** DATA follows **

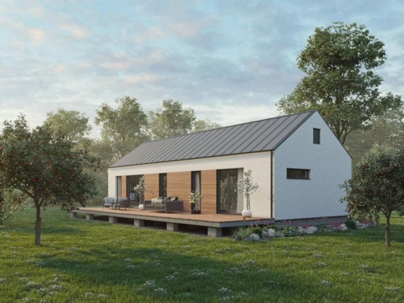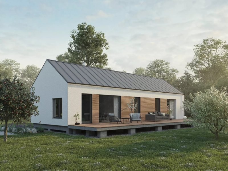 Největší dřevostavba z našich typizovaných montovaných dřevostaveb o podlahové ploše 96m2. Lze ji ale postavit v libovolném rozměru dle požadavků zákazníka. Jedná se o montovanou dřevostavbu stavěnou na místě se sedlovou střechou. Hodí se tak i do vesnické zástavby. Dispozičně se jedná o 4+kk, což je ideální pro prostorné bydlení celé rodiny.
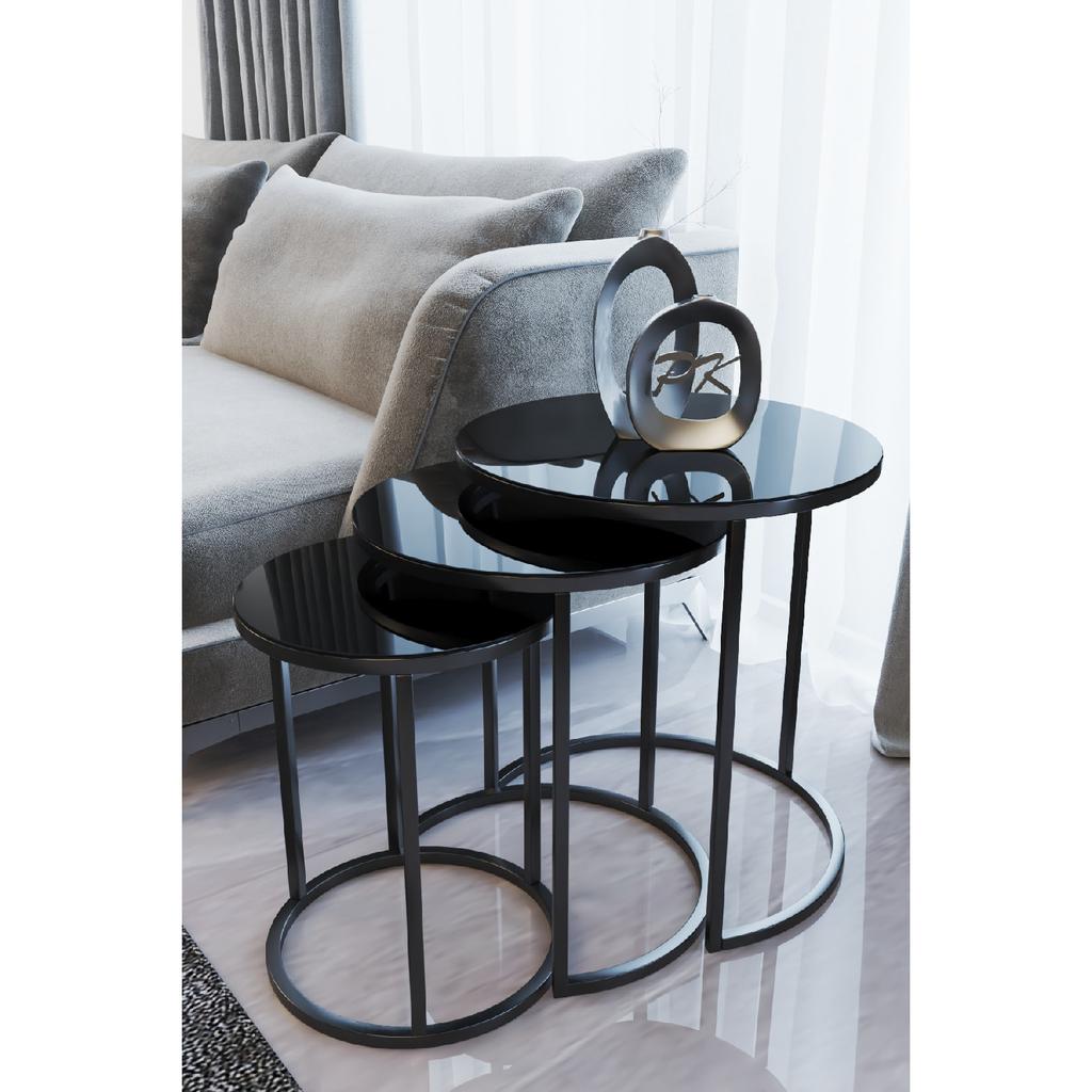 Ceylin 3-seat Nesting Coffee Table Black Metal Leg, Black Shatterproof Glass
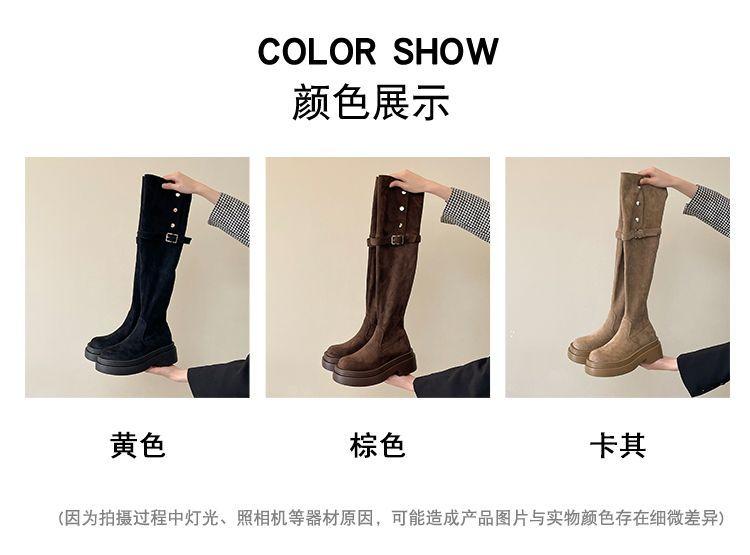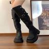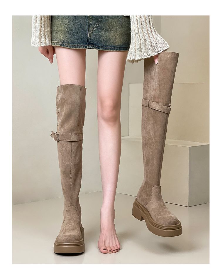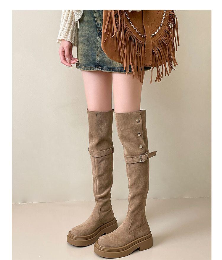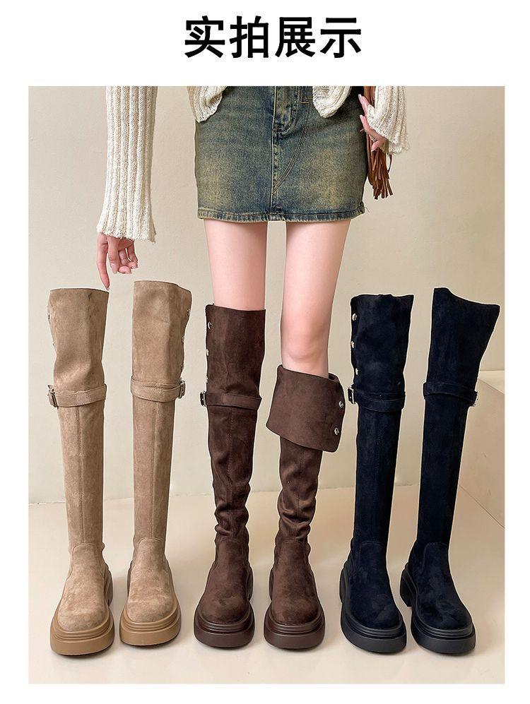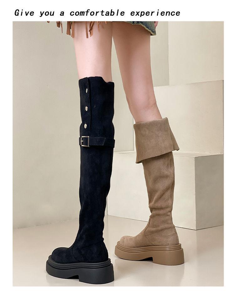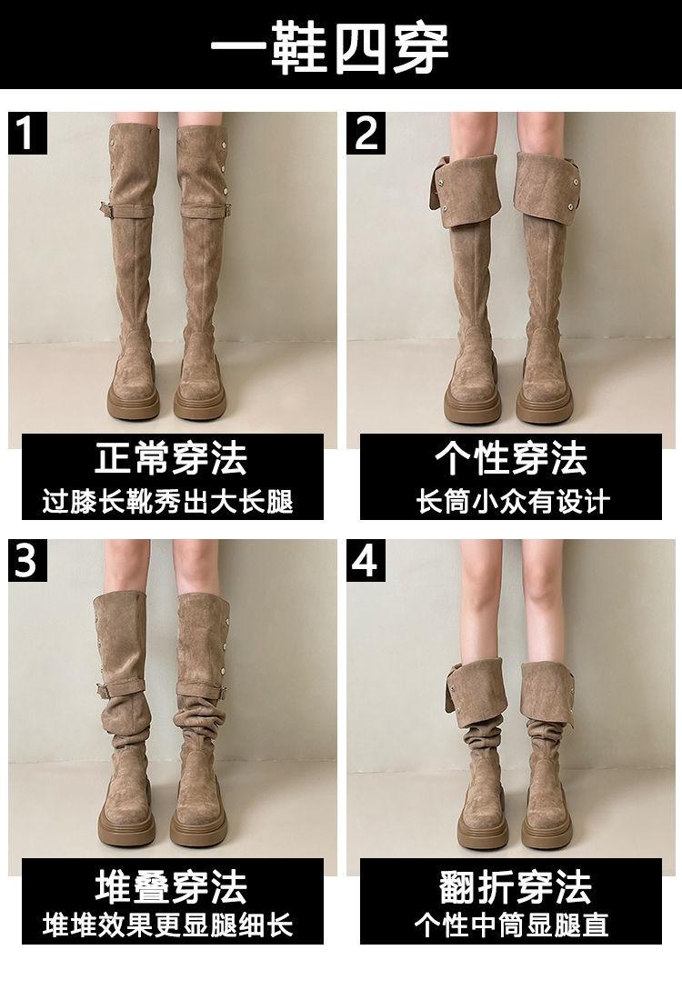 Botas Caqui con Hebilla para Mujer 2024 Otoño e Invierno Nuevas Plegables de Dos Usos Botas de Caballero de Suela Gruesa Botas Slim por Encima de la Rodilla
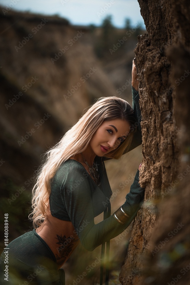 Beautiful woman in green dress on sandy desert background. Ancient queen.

** End of DATA **

Give again, exactly, each line from the one that contains "Ceylin 3-seat Nesting" through the last line of the material above. Pictures do not belong in the copy.

 Ceylin 3-seat Nesting Coffee Table Black Metal Leg, Black Shatterproof Glass
 Botas Caqui con Hebilla para Mujer 2024 Otoño e Invierno Nuevas Plegables de Dos Usos Botas de Caballero de Suela Gruesa Botas Slim por Encima de la Rodilla
 Beautiful woman in green dress on sandy desert background. Ancient queen.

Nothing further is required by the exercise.